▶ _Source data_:
- - - - - - -

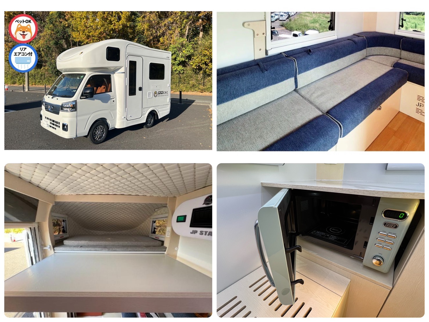 下記の車種がご利用可能です。 Happy1 Premium(ハッピーワンプレミアム)(星野リゾートプラン 充実プラン) 2名利用のキャンピングカーならこれがおすすめ!コンパクトな軽キャブコンなら街中も走りやすい! 現在選択中の料金 1泊2日 2泊3日 平日 50,000円 68,000円 休日 72,000円 98,000円 年末年始 100,000円 140,000円
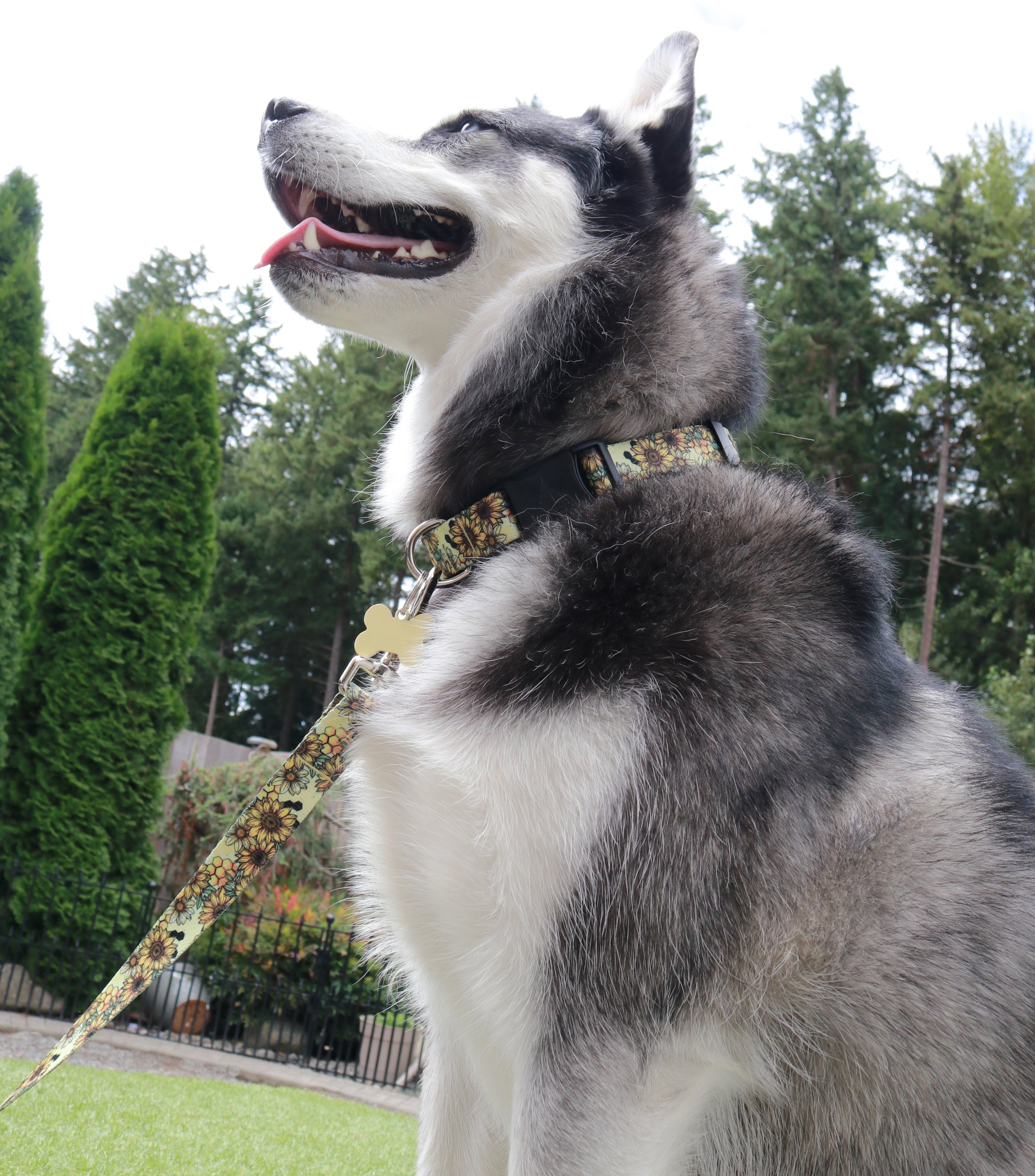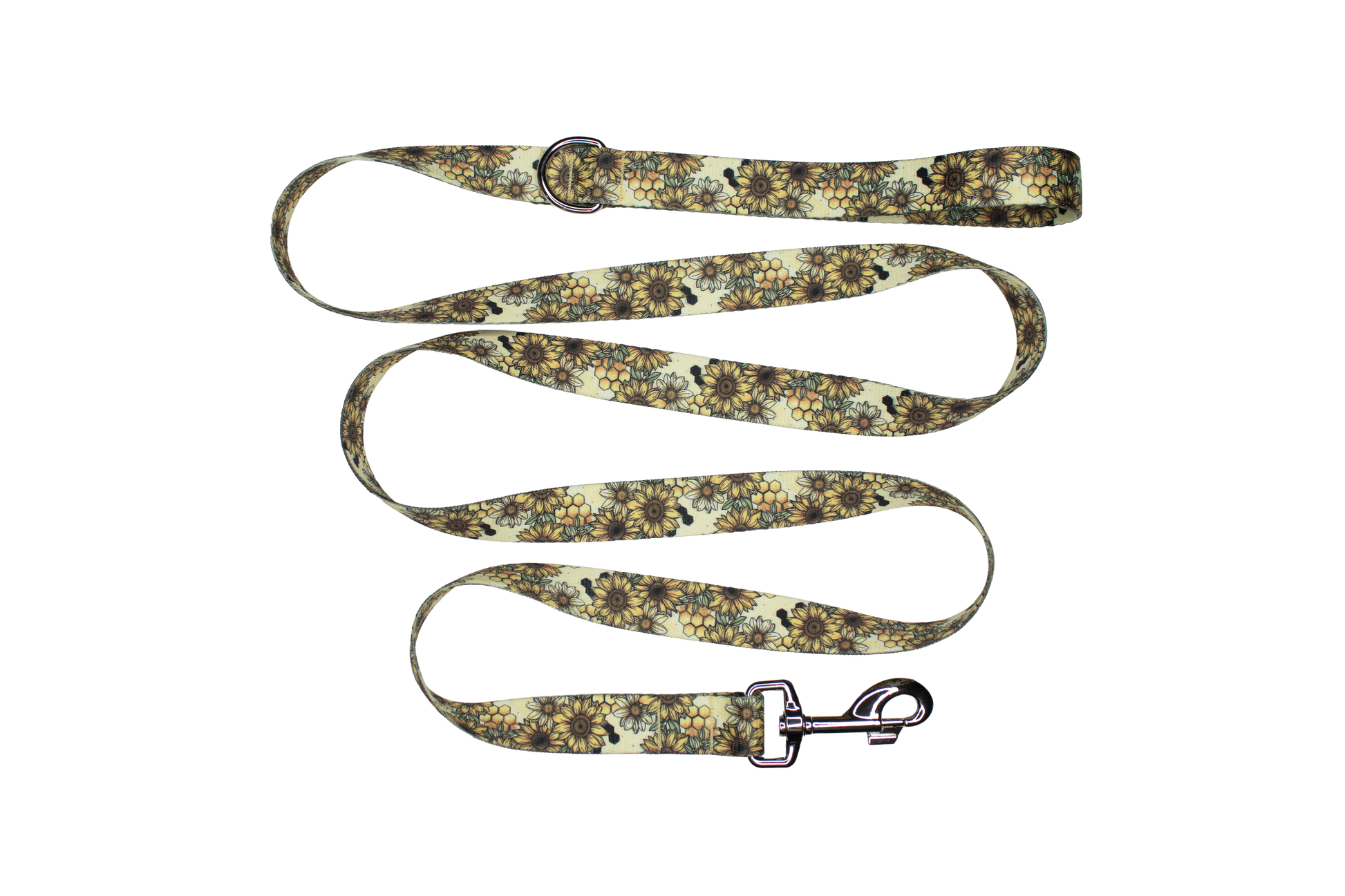 Crafted from materials designed for mountain climbing our leash offers exceptional strength and durability. The Sunflowers & Honey Leash comes in 4 sizes from X-Small to Large/X-Large. Each leash is standard 6 feet long. Made from 100% polyester, it is fully machine washable and maintains its vibrant colors without fading. This leash combines expert-level toughness with easy maintenance, ensuring reliable performance on every walk.
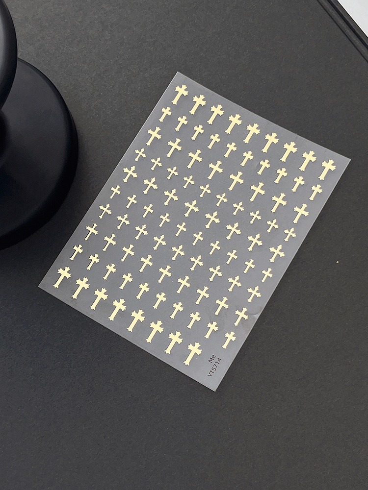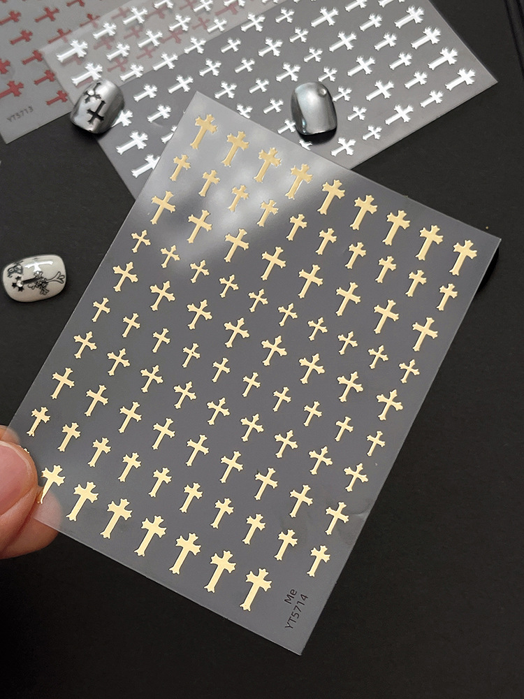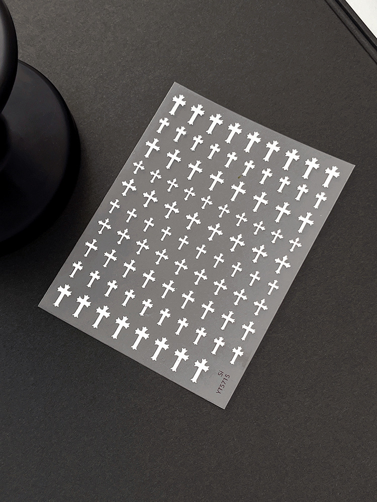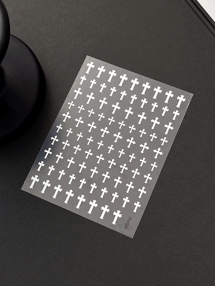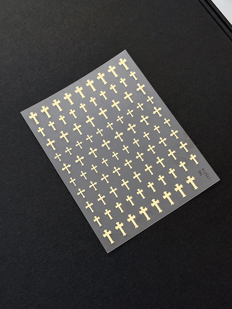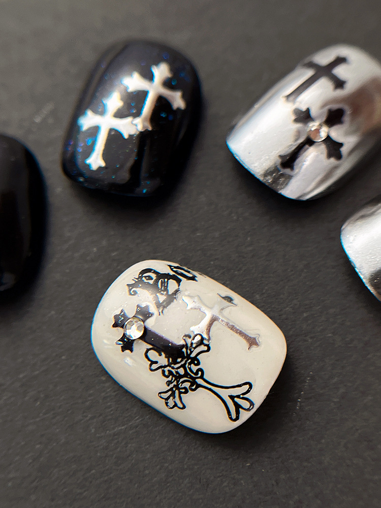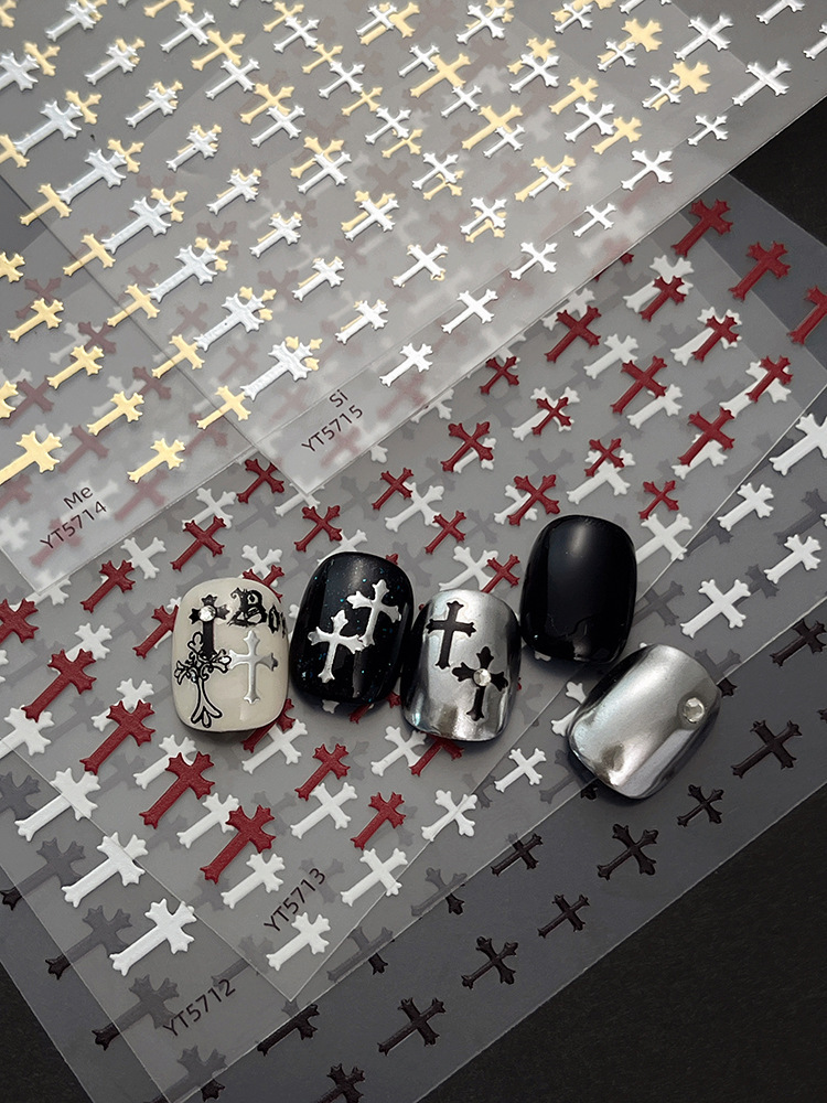 양각 크로스 네일 아트 스티커 2025 새로운 복고풍 고딕 다크 스타일 접착 네일 데칼 장식 도매스토어 가기
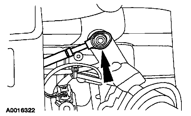 7. Lifting up on the locking tab while pulling up on the shift cable, remove the shift cable from the transmission shift cable bracket.
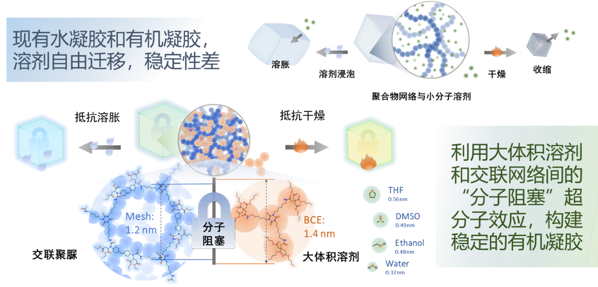 “智能高分子”团队的吴宥伸副教授和张彦峰教授,从机械互锁超分子原理中汲取灵感,提出了 “分子阻塞”超分子机制,利用溶剂分子与交联网状结构之间的尺寸差异带来的阻滞,有效抑制溶剂在凝胶内的迁移。
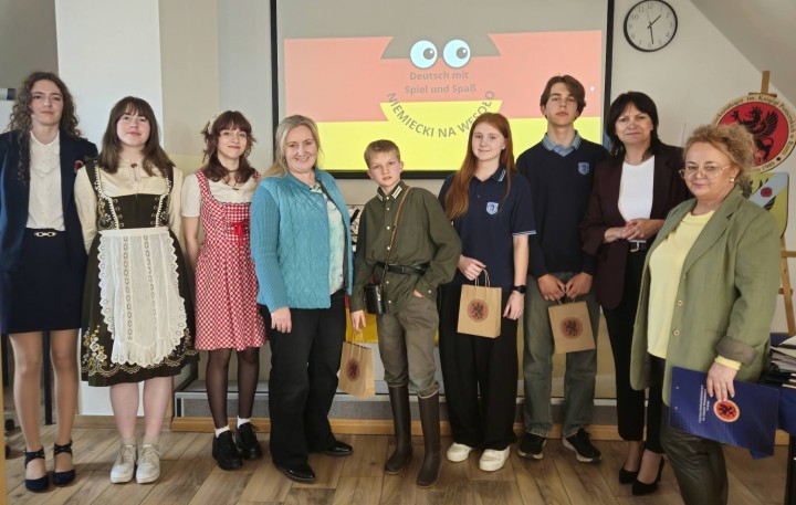 Dnia 13 kwietnia 2026 r. w naszej szkole odbył się II i III etap konkursu języka niemieckiego „Deutsch mit Spiel und Spaß, czyli niemiecki na wesoło”. Do udziału w nim zakwalifikowali się uczniowie klas VII i VIII szkół podstawowych, którzy przystąpili do rywalizacji w trzyosobowych zespołach.

- - - - - - -

▶ _WHAT TO WORK ON_:
What the answer must hold is the exact text of every line from the one containing "양각 크로스 네일 아트" through the end of the data, minus any pictures.

▶ _FINISHED TASK_:
 양각 크로스 네일 아트 스티커 2025 새로운 복고풍 고딕 다크 스타일 접착 네일 데칼 장식 도매스토어 가기
 7. Lifting up on the locking tab while pulling up on the shift cable, remove the shift cable from the transmission shift cable bracket.
 “智能高分子”团队的吴宥伸副教授和张彦峰教授,从机械互锁超分子原理中汲取灵感,提出了 “分子阻塞”超分子机制,利用溶剂分子与交联网状结构之间的尺寸差异带来的阻滞,有效抑制溶剂在凝胶内的迁移。
 Dnia 13 kwietnia 2026 r. w naszej szkole odbył się II i III etap konkursu języka niemieckiego „Deutsch mit Spiel und Spaß, czyli niemiecki na wesoło”. Do udziału w nim zakwalifikowali się uczniowie klas VII i VIII szkół podstawowych, którzy przystąpili do rywalizacji w trzyosobowych zespołach.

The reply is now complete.